- _What the task asks_
Look below for the line containing "Avec 214 chambres" and the line containing "3- No Softshop"; repeat exactly those two lines and all lines between them, and nothing else.

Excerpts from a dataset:
● ● ● ● ●

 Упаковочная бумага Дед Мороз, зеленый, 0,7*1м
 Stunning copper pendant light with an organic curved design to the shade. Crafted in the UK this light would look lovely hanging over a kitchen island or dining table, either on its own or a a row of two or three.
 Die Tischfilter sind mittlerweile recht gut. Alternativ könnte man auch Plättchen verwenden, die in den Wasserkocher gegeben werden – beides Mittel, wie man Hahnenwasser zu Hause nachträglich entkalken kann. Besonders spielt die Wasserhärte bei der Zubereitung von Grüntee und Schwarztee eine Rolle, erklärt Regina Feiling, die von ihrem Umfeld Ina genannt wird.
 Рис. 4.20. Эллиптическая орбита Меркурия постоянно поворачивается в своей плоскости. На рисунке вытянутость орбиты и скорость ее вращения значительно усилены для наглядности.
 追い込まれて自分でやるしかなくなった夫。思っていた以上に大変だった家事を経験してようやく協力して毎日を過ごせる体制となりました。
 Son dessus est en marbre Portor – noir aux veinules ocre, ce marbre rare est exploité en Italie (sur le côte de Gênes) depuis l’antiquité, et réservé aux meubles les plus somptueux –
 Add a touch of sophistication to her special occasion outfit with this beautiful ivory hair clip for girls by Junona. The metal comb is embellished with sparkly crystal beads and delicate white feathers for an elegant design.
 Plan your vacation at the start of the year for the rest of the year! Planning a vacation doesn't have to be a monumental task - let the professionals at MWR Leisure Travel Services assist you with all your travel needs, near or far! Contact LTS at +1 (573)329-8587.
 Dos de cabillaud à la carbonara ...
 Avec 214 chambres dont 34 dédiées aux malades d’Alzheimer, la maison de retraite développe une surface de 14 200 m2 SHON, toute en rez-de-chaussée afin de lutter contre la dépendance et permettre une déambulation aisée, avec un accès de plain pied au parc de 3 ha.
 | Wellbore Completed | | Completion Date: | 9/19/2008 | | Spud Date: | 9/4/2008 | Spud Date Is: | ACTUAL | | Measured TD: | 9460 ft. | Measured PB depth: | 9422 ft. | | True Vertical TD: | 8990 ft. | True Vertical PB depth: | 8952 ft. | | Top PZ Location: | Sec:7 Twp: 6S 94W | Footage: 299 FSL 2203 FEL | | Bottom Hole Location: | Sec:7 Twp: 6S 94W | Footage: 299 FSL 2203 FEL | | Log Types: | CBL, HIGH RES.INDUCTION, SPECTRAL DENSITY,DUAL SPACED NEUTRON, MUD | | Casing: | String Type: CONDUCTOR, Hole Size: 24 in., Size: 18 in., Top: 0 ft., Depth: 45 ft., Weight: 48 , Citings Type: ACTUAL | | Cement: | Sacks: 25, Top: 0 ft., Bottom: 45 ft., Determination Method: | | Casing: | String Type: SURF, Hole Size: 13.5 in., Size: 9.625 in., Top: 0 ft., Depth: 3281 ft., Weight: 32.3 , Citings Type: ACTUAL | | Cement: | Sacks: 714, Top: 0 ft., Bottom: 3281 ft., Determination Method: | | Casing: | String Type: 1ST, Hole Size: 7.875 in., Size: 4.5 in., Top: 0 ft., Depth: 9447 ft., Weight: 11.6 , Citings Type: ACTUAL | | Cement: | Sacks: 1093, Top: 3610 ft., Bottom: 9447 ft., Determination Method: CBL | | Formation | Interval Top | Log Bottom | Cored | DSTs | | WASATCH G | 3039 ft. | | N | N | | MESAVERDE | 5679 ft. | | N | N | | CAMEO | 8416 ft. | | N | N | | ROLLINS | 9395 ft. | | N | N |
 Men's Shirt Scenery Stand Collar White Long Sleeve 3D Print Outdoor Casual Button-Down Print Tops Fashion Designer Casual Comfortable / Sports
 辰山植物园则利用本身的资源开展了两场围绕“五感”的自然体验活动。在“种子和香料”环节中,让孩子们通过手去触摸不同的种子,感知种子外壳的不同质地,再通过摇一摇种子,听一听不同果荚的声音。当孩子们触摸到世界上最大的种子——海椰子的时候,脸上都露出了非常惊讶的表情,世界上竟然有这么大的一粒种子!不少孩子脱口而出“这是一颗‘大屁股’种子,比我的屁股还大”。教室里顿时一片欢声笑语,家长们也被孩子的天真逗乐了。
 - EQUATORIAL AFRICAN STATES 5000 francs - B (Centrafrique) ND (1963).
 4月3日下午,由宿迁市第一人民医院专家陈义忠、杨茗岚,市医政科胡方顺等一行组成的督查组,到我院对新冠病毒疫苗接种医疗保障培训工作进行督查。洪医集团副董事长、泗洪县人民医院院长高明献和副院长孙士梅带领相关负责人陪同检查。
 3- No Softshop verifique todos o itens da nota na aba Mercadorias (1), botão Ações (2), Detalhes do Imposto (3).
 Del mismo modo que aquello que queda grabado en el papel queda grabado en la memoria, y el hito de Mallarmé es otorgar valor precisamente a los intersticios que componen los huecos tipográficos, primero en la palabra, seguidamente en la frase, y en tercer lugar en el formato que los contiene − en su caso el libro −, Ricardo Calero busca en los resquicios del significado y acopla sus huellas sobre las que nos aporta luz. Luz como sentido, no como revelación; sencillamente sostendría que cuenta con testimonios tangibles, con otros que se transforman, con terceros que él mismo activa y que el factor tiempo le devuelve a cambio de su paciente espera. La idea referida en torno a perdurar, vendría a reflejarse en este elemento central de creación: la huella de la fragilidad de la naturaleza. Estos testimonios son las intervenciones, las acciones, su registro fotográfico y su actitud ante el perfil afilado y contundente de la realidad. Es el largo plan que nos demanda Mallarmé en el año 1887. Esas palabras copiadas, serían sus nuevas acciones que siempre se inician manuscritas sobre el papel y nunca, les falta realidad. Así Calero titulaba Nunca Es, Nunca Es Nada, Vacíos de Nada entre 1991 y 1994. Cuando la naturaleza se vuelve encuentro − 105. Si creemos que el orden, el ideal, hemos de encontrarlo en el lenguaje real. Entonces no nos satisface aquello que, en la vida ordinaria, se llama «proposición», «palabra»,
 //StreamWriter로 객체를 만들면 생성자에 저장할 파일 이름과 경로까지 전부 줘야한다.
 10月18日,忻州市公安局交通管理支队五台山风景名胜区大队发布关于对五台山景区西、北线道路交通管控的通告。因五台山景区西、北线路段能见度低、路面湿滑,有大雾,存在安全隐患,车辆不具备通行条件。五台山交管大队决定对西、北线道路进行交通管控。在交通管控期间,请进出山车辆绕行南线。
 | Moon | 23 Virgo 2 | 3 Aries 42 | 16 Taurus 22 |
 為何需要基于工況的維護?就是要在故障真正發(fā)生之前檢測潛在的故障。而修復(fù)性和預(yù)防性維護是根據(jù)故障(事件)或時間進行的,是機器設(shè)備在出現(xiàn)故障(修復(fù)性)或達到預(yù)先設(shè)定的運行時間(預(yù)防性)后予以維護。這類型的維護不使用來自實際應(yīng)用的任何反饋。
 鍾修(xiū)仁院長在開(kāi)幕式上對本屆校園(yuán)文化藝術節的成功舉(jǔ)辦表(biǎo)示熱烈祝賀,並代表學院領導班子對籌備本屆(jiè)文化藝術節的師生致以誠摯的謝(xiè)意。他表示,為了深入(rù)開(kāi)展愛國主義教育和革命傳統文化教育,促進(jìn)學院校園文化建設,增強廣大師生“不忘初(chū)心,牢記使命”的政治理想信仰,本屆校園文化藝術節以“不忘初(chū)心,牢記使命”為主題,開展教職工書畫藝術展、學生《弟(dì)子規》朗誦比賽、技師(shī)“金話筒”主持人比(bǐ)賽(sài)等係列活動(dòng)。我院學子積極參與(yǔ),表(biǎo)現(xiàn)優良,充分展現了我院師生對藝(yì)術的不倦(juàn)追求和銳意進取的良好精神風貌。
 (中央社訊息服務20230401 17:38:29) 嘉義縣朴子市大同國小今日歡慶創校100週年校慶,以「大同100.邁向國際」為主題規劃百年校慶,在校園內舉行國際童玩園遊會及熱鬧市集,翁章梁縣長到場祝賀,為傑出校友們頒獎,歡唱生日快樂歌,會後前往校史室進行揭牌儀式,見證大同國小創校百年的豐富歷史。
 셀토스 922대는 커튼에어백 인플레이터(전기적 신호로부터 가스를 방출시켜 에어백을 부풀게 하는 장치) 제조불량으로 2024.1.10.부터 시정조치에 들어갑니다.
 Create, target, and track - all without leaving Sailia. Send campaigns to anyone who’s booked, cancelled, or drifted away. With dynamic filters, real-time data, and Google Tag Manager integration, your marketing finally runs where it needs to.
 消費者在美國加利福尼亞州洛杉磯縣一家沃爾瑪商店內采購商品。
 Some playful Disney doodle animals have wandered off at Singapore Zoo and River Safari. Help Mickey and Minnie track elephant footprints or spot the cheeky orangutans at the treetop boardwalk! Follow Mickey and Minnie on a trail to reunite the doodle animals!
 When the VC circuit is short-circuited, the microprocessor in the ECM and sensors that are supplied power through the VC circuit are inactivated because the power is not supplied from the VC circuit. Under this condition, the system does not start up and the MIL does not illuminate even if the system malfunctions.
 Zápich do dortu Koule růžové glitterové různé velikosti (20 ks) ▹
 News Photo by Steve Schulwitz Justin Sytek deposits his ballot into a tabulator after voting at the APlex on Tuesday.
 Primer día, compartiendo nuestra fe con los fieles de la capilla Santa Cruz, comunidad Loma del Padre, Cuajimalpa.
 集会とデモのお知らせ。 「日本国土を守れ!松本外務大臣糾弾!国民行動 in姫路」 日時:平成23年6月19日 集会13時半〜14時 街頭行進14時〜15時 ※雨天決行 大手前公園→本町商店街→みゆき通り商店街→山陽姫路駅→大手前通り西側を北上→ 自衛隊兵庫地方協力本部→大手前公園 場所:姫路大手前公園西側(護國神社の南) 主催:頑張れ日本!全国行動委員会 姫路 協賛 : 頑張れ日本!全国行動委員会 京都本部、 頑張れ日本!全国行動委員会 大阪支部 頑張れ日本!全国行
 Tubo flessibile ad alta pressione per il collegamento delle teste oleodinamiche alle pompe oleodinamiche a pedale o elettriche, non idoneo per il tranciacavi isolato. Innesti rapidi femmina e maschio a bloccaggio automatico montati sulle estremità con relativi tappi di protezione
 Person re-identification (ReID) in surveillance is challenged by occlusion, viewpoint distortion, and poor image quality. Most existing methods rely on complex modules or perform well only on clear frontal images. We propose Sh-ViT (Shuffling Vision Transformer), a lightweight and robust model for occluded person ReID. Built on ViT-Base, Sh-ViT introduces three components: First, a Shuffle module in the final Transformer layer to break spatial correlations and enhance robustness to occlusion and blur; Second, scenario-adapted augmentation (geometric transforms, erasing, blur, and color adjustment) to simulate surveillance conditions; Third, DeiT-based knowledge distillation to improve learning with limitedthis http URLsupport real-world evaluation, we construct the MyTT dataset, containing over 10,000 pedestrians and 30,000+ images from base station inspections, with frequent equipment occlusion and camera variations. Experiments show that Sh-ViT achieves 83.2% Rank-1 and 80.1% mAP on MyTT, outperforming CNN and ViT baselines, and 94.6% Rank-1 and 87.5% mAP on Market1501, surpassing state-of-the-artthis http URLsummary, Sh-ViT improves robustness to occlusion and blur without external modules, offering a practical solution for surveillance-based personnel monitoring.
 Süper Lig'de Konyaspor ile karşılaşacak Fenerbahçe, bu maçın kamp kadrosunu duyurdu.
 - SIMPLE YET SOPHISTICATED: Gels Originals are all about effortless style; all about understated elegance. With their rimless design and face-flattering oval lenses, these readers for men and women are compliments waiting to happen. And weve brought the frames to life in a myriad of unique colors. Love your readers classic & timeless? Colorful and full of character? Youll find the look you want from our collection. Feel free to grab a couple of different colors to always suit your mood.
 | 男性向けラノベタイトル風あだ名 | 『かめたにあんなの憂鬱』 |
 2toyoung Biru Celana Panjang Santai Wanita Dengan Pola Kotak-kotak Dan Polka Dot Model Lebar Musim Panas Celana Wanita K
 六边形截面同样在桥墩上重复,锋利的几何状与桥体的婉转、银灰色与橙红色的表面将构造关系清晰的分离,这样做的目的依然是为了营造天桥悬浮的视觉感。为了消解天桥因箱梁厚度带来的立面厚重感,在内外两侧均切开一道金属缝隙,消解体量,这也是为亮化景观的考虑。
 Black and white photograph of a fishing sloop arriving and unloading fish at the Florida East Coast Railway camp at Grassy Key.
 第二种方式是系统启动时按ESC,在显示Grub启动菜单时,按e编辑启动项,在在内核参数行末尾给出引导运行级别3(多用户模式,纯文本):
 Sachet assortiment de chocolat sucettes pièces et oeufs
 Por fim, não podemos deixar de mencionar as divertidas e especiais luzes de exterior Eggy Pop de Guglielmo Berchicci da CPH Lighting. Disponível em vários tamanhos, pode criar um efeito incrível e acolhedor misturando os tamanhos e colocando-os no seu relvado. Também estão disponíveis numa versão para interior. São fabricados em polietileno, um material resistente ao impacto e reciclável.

● ● ● ● ●

- _Answer to this exercise_
 Avec 214 chambres dont 34 dédiées aux malades d’Alzheimer, la maison de retraite développe une surface de 14 200 m2 SHON, toute en rez-de-chaussée afin de lutter contre la dépendance et permettre une déambulation aisée, avec un accès de plain pied au parc de 3 ha.
 | Wellbore Completed | | Completion Date: | 9/19/2008 | | Spud Date: | 9/4/2008 | Spud Date Is: | ACTUAL | | Measured TD: | 9460 ft. | Measured PB depth: | 9422 ft. | | True Vertical TD: | 8990 ft. | True Vertical PB depth: | 8952 ft. | | Top PZ Location: | Sec:7 Twp: 6S 94W | Footage: 299 FSL 2203 FEL | | Bottom Hole Location: | Sec:7 Twp: 6S 94W | Footage: 299 FSL 2203 FEL | | Log Types: | CBL, HIGH RES.INDUCTION, SPECTRAL DENSITY,DUAL SPACED NEUTRON, MUD | | Casing: | String Type: CONDUCTOR, Hole Size: 24 in., Size: 18 in., Top: 0 ft., Depth: 45 ft., Weight: 48 , Citings Type: ACTUAL | | Cement: | Sacks: 25, Top: 0 ft., Bottom: 45 ft., Determination Method: | | Casing: | String Type: SURF, Hole Size: 13.5 in., Size: 9.625 in., Top: 0 ft., Depth: 3281 ft., Weight: 32.3 , Citings Type: ACTUAL | | Cement: | Sacks: 714, Top: 0 ft., Bottom: 3281 ft., Determination Method: | | Casing: | String Type: 1ST, Hole Size: 7.875 in., Size: 4.5 in., Top: 0 ft., Depth: 9447 ft., Weight: 11.6 , Citings Type: ACTUAL | | Cement: | Sacks: 1093, Top: 3610 ft., Bottom: 9447 ft., Determination Method: CBL | | Formation | Interval Top | Log Bottom | Cored | DSTs | | WASATCH G | 3039 ft. | | N | N | | MESAVERDE | 5679 ft. | | N | N | | CAMEO | 8416 ft. | | N | N | | ROLLINS | 9395 ft. | | N | N |
 Men's Shirt Scenery Stand Collar White Long Sleeve 3D Print Outdoor Casual Button-Down Print Tops Fashion Designer Casual Comfortable / Sports
 辰山植物园则利用本身的资源开展了两场围绕“五感”的自然体验活动。在“种子和香料”环节中,让孩子们通过手去触摸不同的种子,感知种子外壳的不同质地,再通过摇一摇种子,听一听不同果荚的声音。当孩子们触摸到世界上最大的种子——海椰子的时候,脸上都露出了非常惊讶的表情,世界上竟然有这么大的一粒种子!不少孩子脱口而出“这是一颗‘大屁股’种子,比我的屁股还大”。教室里顿时一片欢声笑语,家长们也被孩子的天真逗乐了。
 - EQUATORIAL AFRICAN STATES 5000 francs - B (Centrafrique) ND (1963).
 4月3日下午,由宿迁市第一人民医院专家陈义忠、杨茗岚,市医政科胡方顺等一行组成的督查组,到我院对新冠病毒疫苗接种医疗保障培训工作进行督查。洪医集团副董事长、泗洪县人民医院院长高明献和副院长孙士梅带领相关负责人陪同检查。
 3- No Softshop verifique todos o itens da nota na aba Mercadorias (1), botão Ações (2), Detalhes do Imposto (3).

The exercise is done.